Puis le concept de fenêtres d’exposition a été mis en avant pour expliquer l’augmentation des nouveaux cas d’asthme. « Il semble que les expositions environnementales précoces soient déterminantes. Les données issues de la cohorte interventionnelle PIAMA (Prevention and incidence of asthma and mite allergy), portant sur 4 146 enfants, montrent qu’il existe une association significative entre asthme et exposition à un polluant entre la naissance et 12 mois, et ce quel que soit le polluant », précise le Dr Just. Et cette association perd sa significativité pour les âges supérieurs. Il y a également une relation entre le NO2 respiré au cours du dernier trimestre de la grossesse et le NO exhalé chez le nouveau-né, marqueur de l’inflammation pulmonaire. « Plutôt qu’une maladie, l’asthme est un phénotype qui évolue au cours de la vie en fonction de différents facteurs. Tous les asthmes ne persistent pas et il existe une relation entre l’asthme persistant et l’exposition au NO2 au cours de la première année de la vie », souligne-t-elle.

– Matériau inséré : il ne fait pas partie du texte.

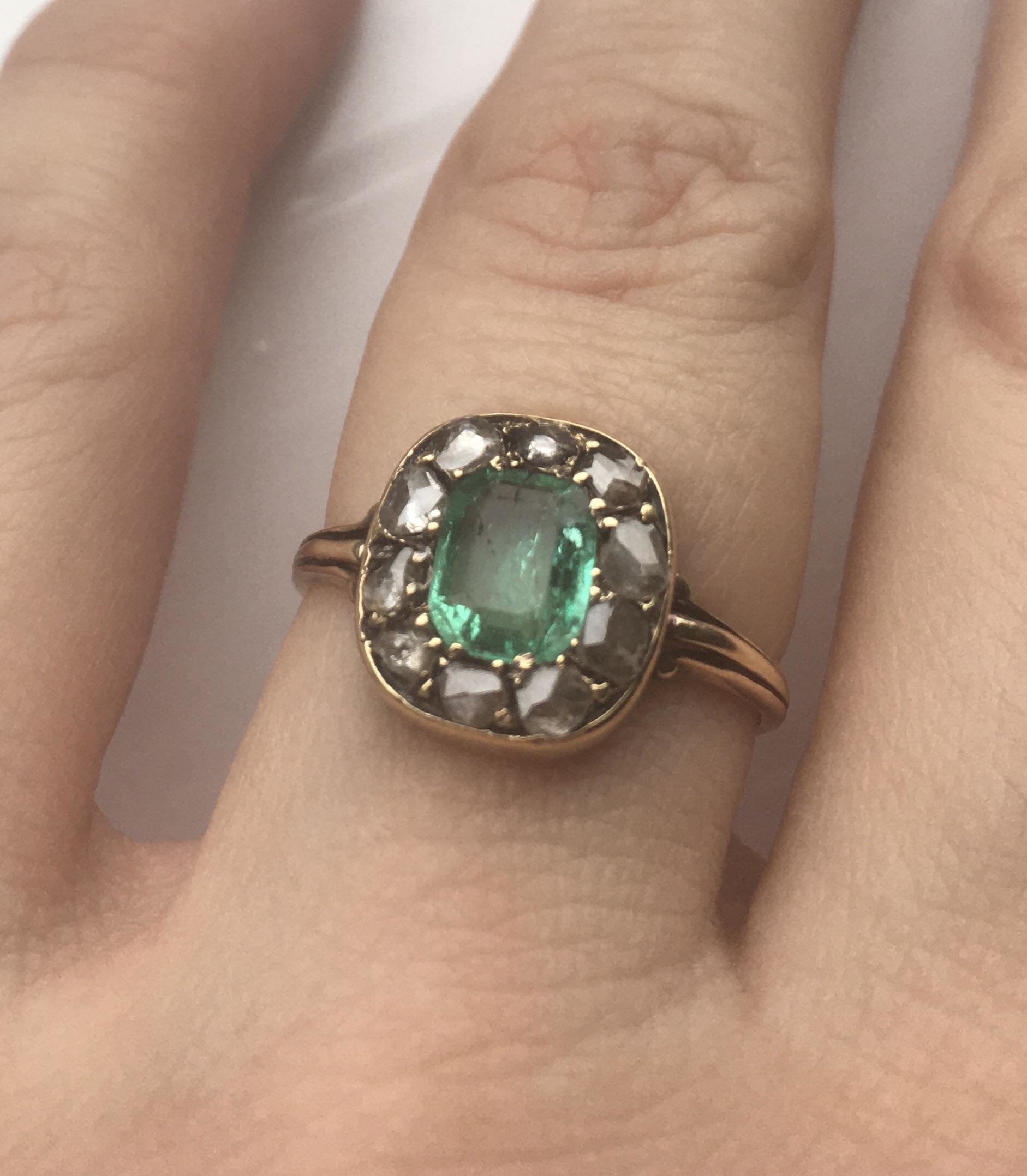 6. Кольцо из золота с изумрудом и бриллиантами позднего георгианского периода

Quand l’ennemi se situe à l’intérieur.

L’impact de la pollution intérieure a également été étudié. Dans la cohorte PARIS (Pollution asthma risk in infant study), qui a évalué l’impact de la pollution sur les symptômes respiratoires, le risque de présenter une bronchiolite est augmenté de 21 % chez les nourrissons soumis à un niveau élevé, au domicile, de formaldéhyde (polluant présent notamment dans les parquets vitrifiés ou les meubles en panneau de particules). « L’exposition au formaldéhyde joue un rôle aussi important que les antécédents familiaux, même si le mode de garde en crèche reste bien sûr le facteur causal numéro un », expose le Dr Just, et ce en raison des infections virales.

Une autre donnée très importante est l’effet synergique des différentes expositions. Une étude américaine a ainsi montré que l’exposition prénatale à des particules diesel et, en post-natal, à un tabagisme passif, a un effet synergique sur le risque d’apparition de l’asthme au cours des deux premières années de vie.

Enfin, il y a une susceptibilité génétique à la pollution. Les facteurs impliquant les relations gènes-environnement sont multiples. Il est par exemple établi que les enfants ayant un génotype GSTM1 sont plus susceptibles de développer un asthme en cas de tabagisme maternel durant la grossesse. Les mécanismes épigénétiques sont particulièrement explorés pour expliquer la relation entre la pollution et la survenue de nouveaux cas d’asthme. Dans un modèle in vitro, l’exposition de cellules bronchiques à des particules diesel entraîne la méthylation de gènes impliqués dans l’inflammation, comme celui codant pour la COX-2. Et l’exposition maternelle, au cours de la grossesse, au diesel au-delà d’un certain taux est associée à l’expression d’un gène par la méthylation de son promoteur ainsi qu’au risque d’asthme chez l’enfant avant l’âge de 5 ans. Ce domaine est en cours d’exploration et la meilleure connaissance des mécanismes impliqués pourrait permettre à terme de mieux comprendre les relations entre la pollution et les maladies telles que l’asthme.

D’après la communication du Dr Jocelyne Just (Paris) « Impact de la pollution sur l’asthme de la petite enfance ».